Task description:
Within the records below, find the line with "E l'ingrandimento della" and the line with "Congratulations to Jarett", then reproduce exactly those two lines and all lines between them, without any picture.

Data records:
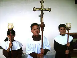 Le cruciféraire, appelé aussi porte-croix, est le servant d'autel qui porte la croix de procession avec le crucifix tourné vers l'avant.
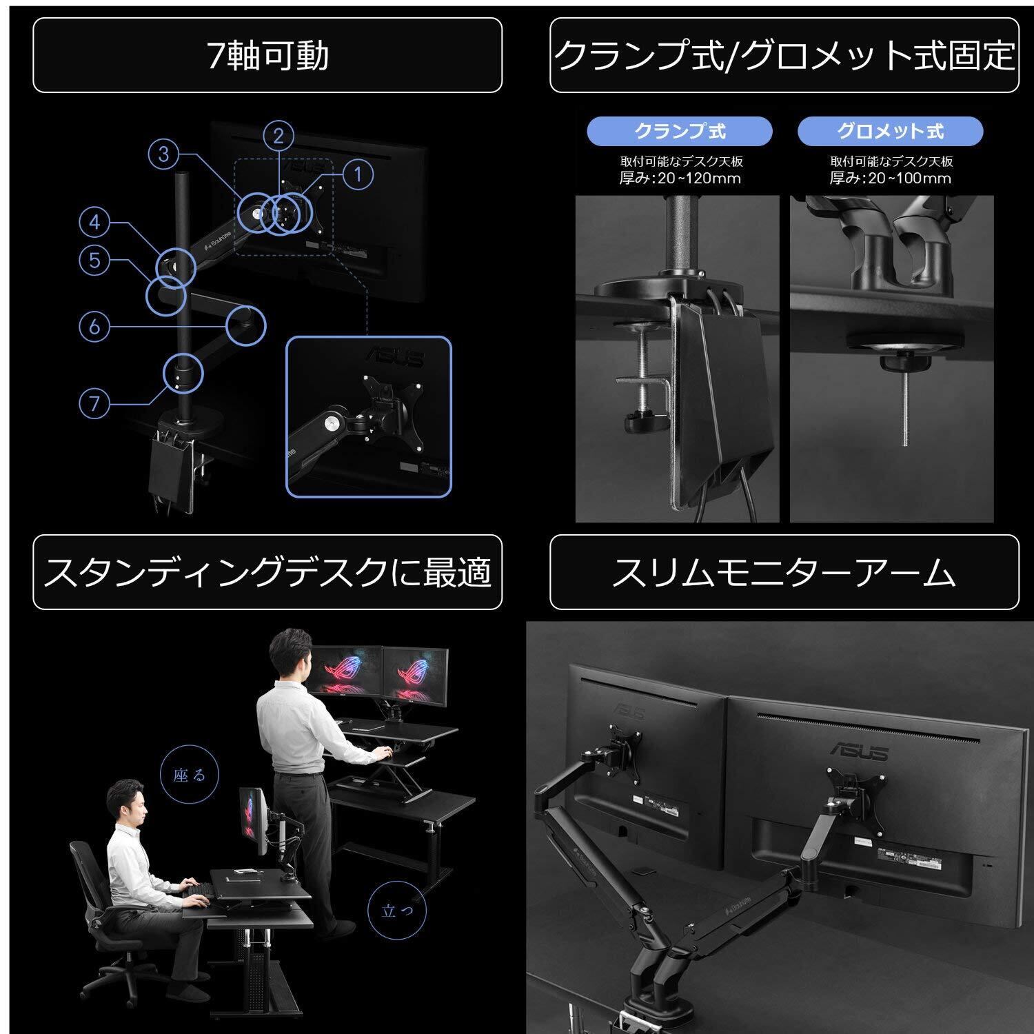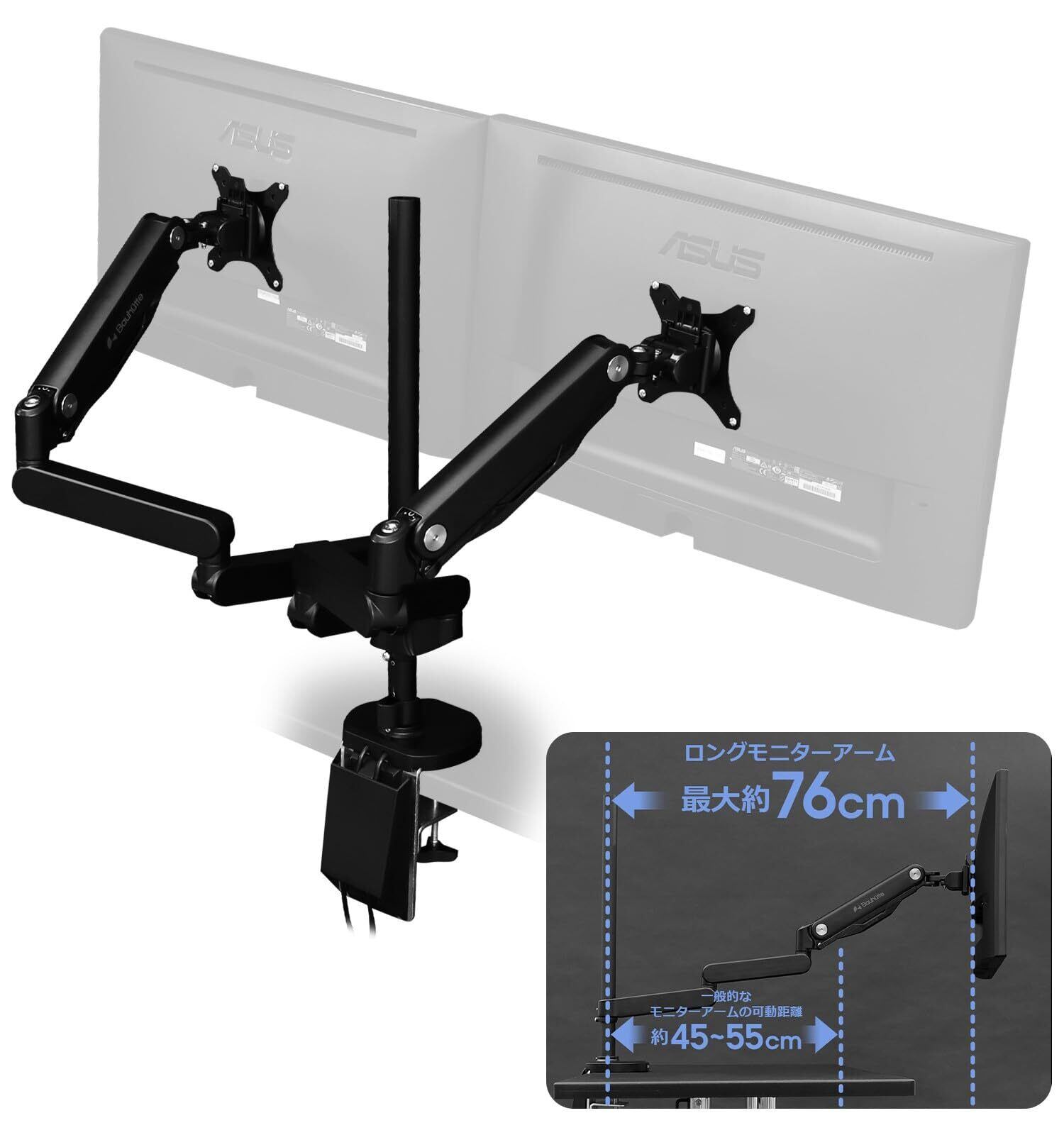 ・ロングモニターアームGS BMA-2GS-BK:ガス圧式、デュアル、ロングタイプ
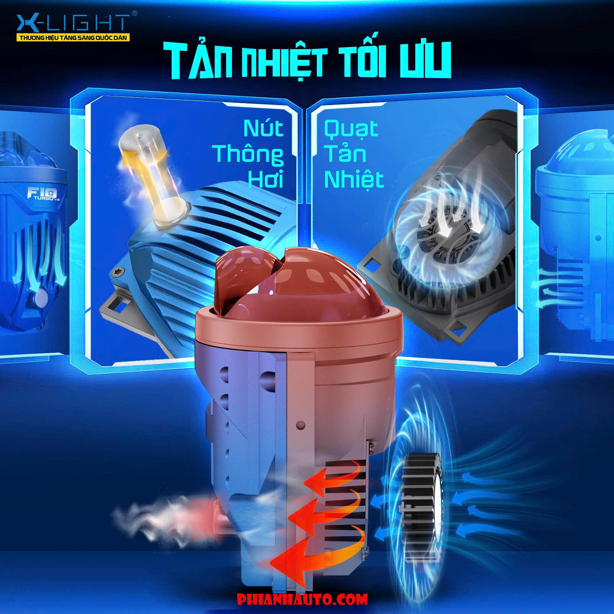 2. Công nghệ đèn bi gầm X-Light F10 Turbo V2
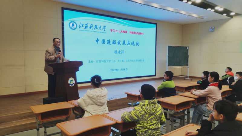 党的二十大召开以来,全校教职工都在认真学习党的二十大精神,党的二十大报告中强调实施科教兴国战略,关于加快建设教育强国、科技强国、人才强国的论述鼓舞着每一位教育工作者。必赢官网工会和关工委将学习党的二十大精神和“我为群众办实事”实践活动相结合,为江科大附小和附中的孩子们送去“中国造船发展与现状”专题科普讲座,必赢bwin官网登录入口原船舶与海洋工程学院党委书记杨永祥应邀主讲。
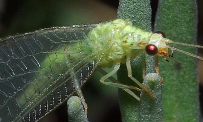 E l'ingrandimento della Chrysoperla "forse" lucasina. Ingrandite sono decisamente diverse, basta la dimensione degli occhi, potevo pensarci un pò prima di scrivere che mi sembravano la stessa specie .
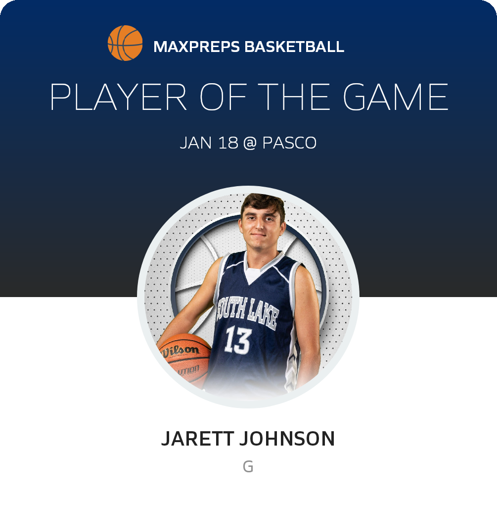 Congratulations to Jarett Johnson for being selected the South Lake JV Basketball Player of the Game.
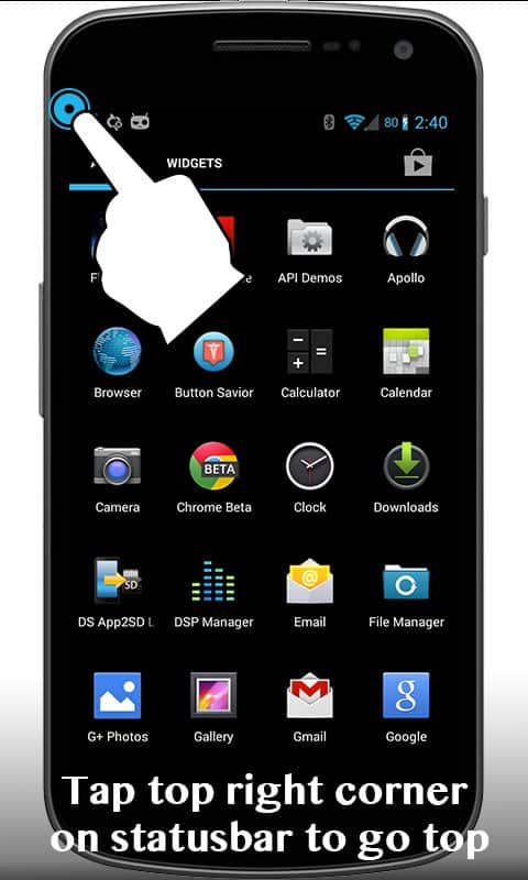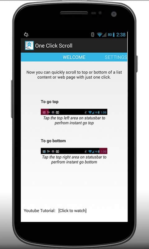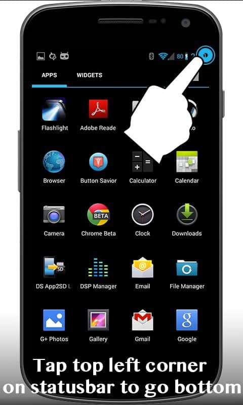 Uzun listeleri ve dikkat çekici web sayfalarını kaydırmak genellikle yorucu görünüyor. OneClick Scroll bu sorunu çözmek için tasarlandı. Bu küçük yardımcı program sayesinde, durum çubuğunun sol ve sağ kısmındaki basit dokunuşlarla listenin üst ve alt kısımlarına geçiş yapabilirsiniz. Bu yöntem, tüm uygulamalarda, akıllı telefon ayarlarında ve herhangi bir web sitesinde çalışacaktır.
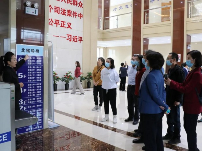 在讲解员的引导下,评估组一行及相关工作人员共30余人,先后参观了漠河市人民法院廉政长廊、诉讼服务中心、科技法庭、院史馆、党员活动室等场馆。直观的了解了漠河市人民法院从立案、审判到执行工作的全部流程和漠河市人民法院在审判执行、党建、队伍建设、文化建设等诸多方面取得优秀成绩。
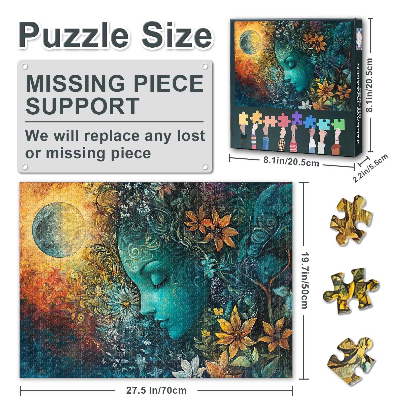 - Jigsaw Puzzles 1000 PiecesFinished product size 20 in * 27.5 in(50 *70 CM). Jigsaw Puzzle comes with a full-color reference poster to provide a reference for your assembly.
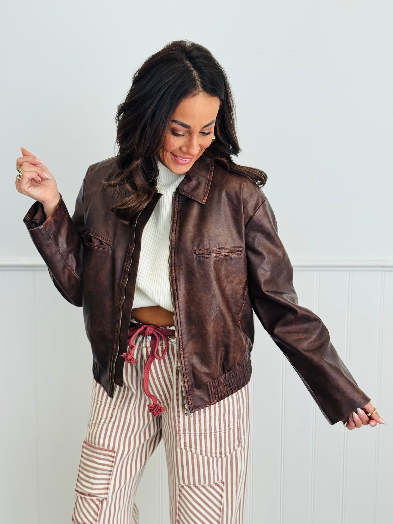 Introducing the fabulous Washed Faux Leather Jacket! This sleek edgy contemporary cut jacket features long sleeves, welt chest pockets, a front zipper closure and an elastic back hem.
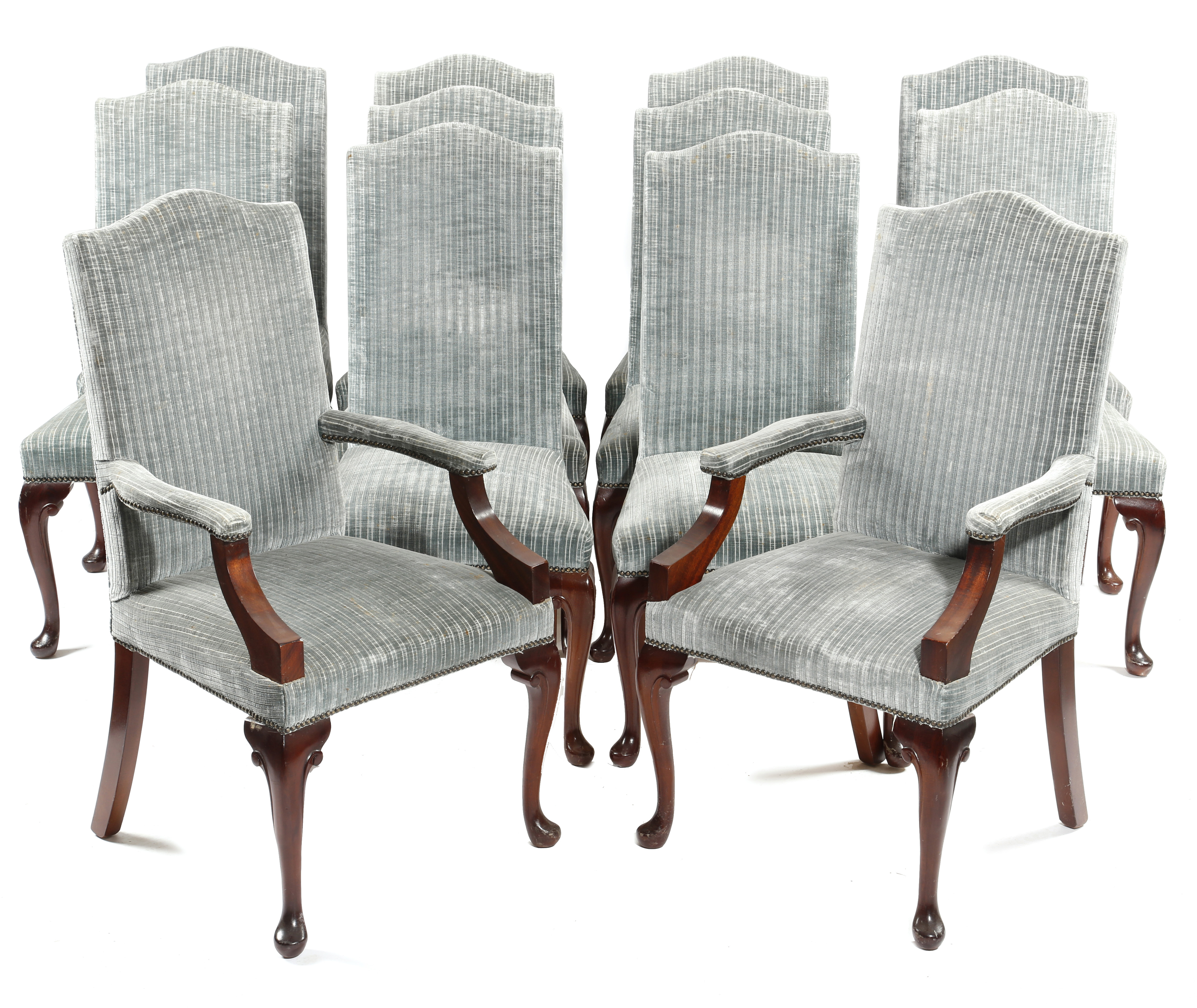 A set of twelve mahogany dining chairs in George I style, each with an arched padded back and seat, on cabriole front legs and pad feet, 20th century, comprising: a pair of open armchairs and ten side chairs. (12)
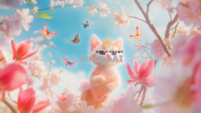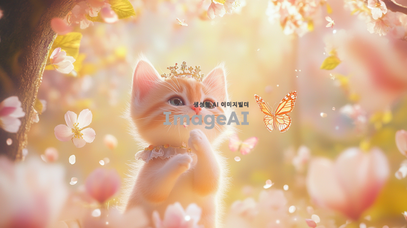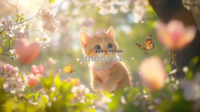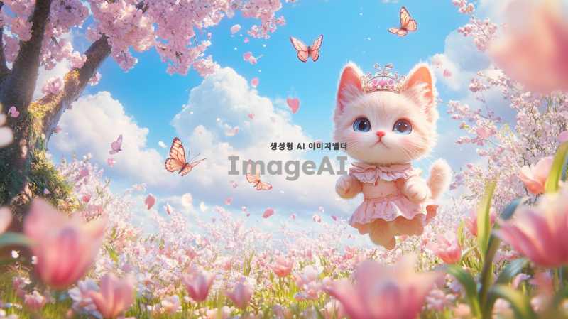 화창한 봄 풍경으로 전환된 화면. 벚꽃과 튤립이 만개해 있는 모습. 나무 아래에서 태어난 '봄'이라는 이름의 아기 고양이. 부드러운 핑크색 털을 가진 활발하고 호기심 많은 모습. 귀여운 짧은 드레스를 입고 머리 위에 귀여운 왕관을 쓴 채, 꽃 사이를 뛰어놀고 있는 모습. 나비와 새들이 날아다니며 바람에 흔들리는 꽃들 속에서 뛰어다니고 있는 '봄'. 모든 생명체가 깨어나는 시점에 친구들을 만나 새로운 시작에 대한 희망을 전파하는 모습.
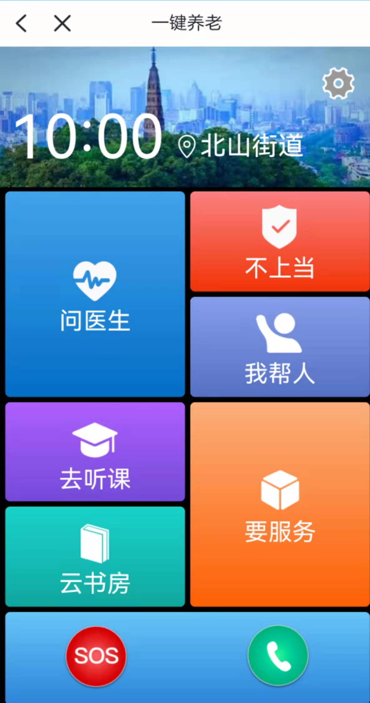 打开“浙里办”APP,点击“一键养老”应用场景,随即进入简洁清晰的主页,包含了“问医生”“不上当”“去听课”“云书房”等模块,主页尾端还设置有“SOS”求救按钮和电话急求热线。
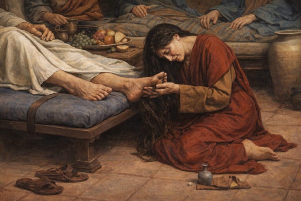 In first-century Judea, dinner guests reclined on cushions around a low platform, feet stretched out behind them. Such gatherings were semi-public, meaning outsiders could slip in and observe. This woman seized that opportunity. She entered a space where she did not belong, carrying one of her most precious possessions — an alabaster flask of expensive perfume.
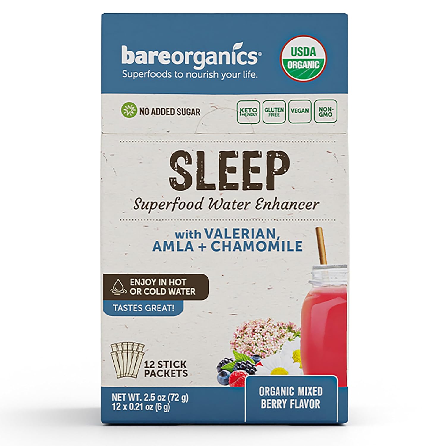 A scrumptious mix of herbs believed to help restful sleep, together with Valerian, passionflower, and Chamomile. BareOrganics’ Scrumptious mix is crafted that will help you go to sleep and keep asleep so that you simply awake every morning feeling your very best. It dissolves immediately into scorching or chilly water with a great-tasting Valerian,Amla+Chamomile taste you’ll be able to get pleasure from at residence or on-the-go. These statements haven’t been evaluated by the Meals and Drug Administration. This product shouldn’t be supposed to diagnose, deal with, remedy, or stop any illness.
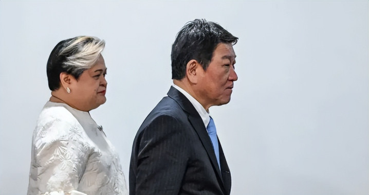 图|日本外务大臣茂木敏充(右)与菲律宾酬酢部长拉扎罗(左)
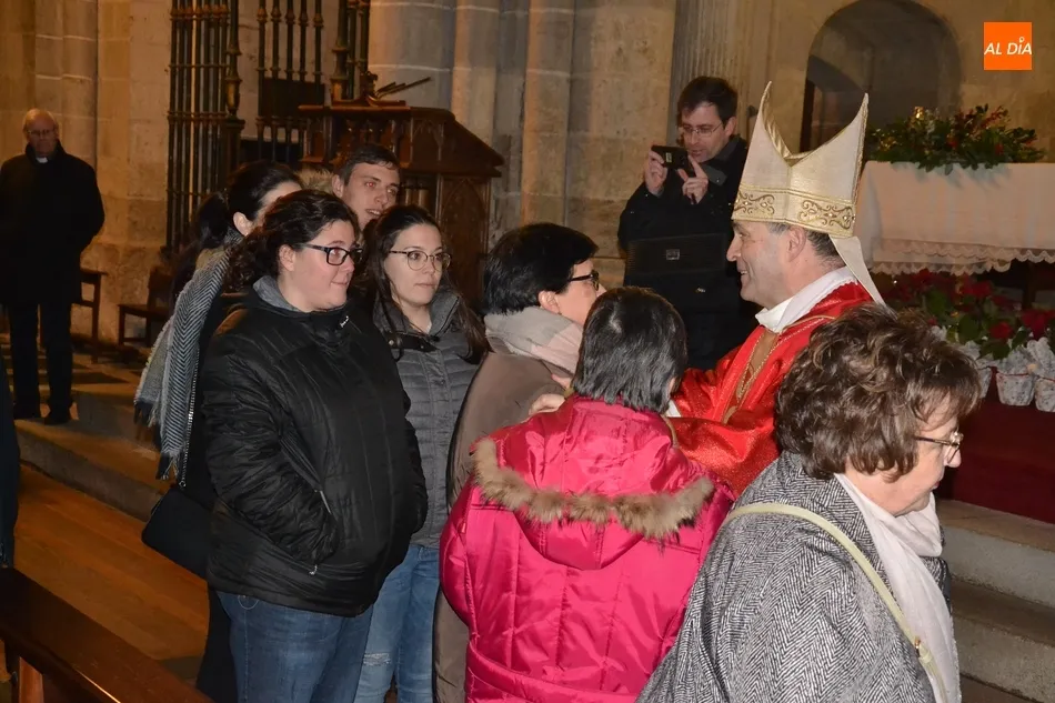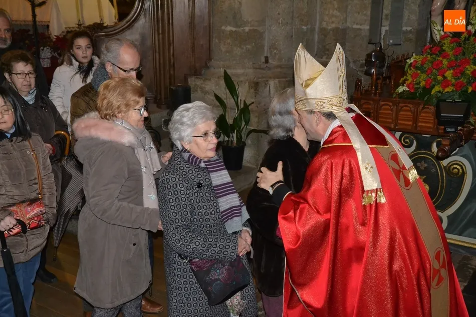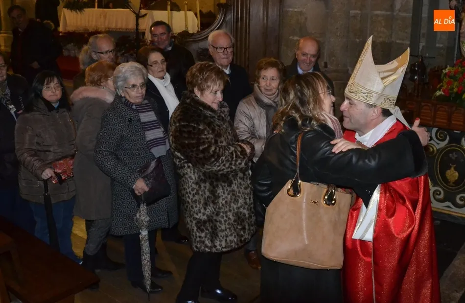 A continuación, todos aquellos que quisieron pudieron despedirse personalmente de Berzosa, en una larga ronda que duró 35 minutos. Durante la misma, hubo tiempo para bendecir a algún recién nacido, a algunos niños más, para las lágrimas de varios fieles, y también para la entrega de un christmas y de algún obsequio al Obispo Emérito.

Answer area:
 E l'ingrandimento della Chrysoperla "forse" lucasina. Ingrandite sono decisamente diverse, basta la dimensione degli occhi, potevo pensarci un pò prima di scrivere che mi sembravano la stessa specie .
 Congratulations to Jarett Johnson for being selected the South Lake JV Basketball Player of the Game.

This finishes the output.